Patients with unexplained low blood counts often have abnormally mutated cells that are typical of blood cancers, such as myelodysplastic syndromes (MDS) or acute myelogenous leukemia (AML). Researchers recently reported this in the journal Blood. They suggest to describe these patients as having clonal cytopenias of undetermined significance (CCUS).
Brain Kwok and colleagues performed a prospective study to examine the frequency and type of mutations encountered in 144 patients with unexplained cytopenias. 15 per cent of these patients had idiopathic cytopenias of undetermined significance (ICUS) with some evidence of dysplasia, and 69 per cent had ICUS with no dysplasia. In total, 35 per cent of ICUS patients carried a somatic mutation or chromosomal abnormality indicative of clonal hematopoiesis.
These results were validated in a cohort of 91 lower-risk MDS and 249 ICUS cases. Mutations were found in 79 per cent with MDS, 45 per cent in ICUS with dysplasia and 17 per cent in ICUS without dysplasia. The spectrum of mutated genes was in ICUS-cases mostly similar to the spectrum in MDS. The researchers suggest to describe the patients with ICUS who have these mutation as having CCUS. Clinical and mutational features are similar in these groups and may have diagnostic utility once outcomes in CCUS patients are better understood, according to the researchers.

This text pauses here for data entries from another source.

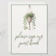 Introducing our exclusive guestbook sign, a stunning blend of sophistication and nature-inspired elegance. This sign features a delicate watercolor illustration of a hanging plant, artfully suspended in a chic macramé hanger. The hand-drawn design exudes a sense of breezy sophistication, making it the perfect addition to any modern, stylish event. The soft green hues of the plant, paired with the refined typography, create an effortlessly chic aesthetic that is both timeless and contemporary.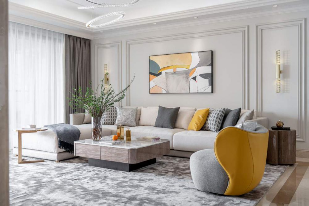 当空间有了光,爱便会悄然生长,直到长成理想中家的模样。设计施工团队:咸阳峰光无限装饰 客 厅 客厅线条优雅的水晶灯,以轻盈的姿态预告了夜晚的浪漫情调。对称而列的储物架充当书海里的配角,席地而坐翻弄书页也是一幅静美温柔的画面。 ...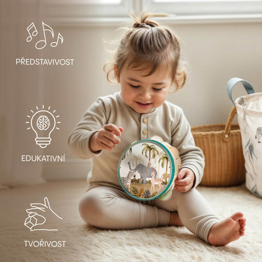 Tamburína je lehká, snadno uchopitelná a bezpečná i pro ty nejmenší. Díky své

'We don't know to what extent patients who have low blood counts and mutations are at increased risk of developing an overt malignancy,' said Rafael Bejar, hematologist and senior author of the study. 'We hope that by defining CCUS, future studies will follow these patients to learn what these mutations mean for their future as their genetically abnormal cells may represent early stages of subsequent blood cancers.' Bejar describes the mutated cells in CCUS patients as "polyps" of the bone marrow. Just as polyps detected in colonoscopies represent growths capable of evolving into cancers, the mutated blood cells in CCUS patients may be the precursors to cancers of the blood like MDS and AML.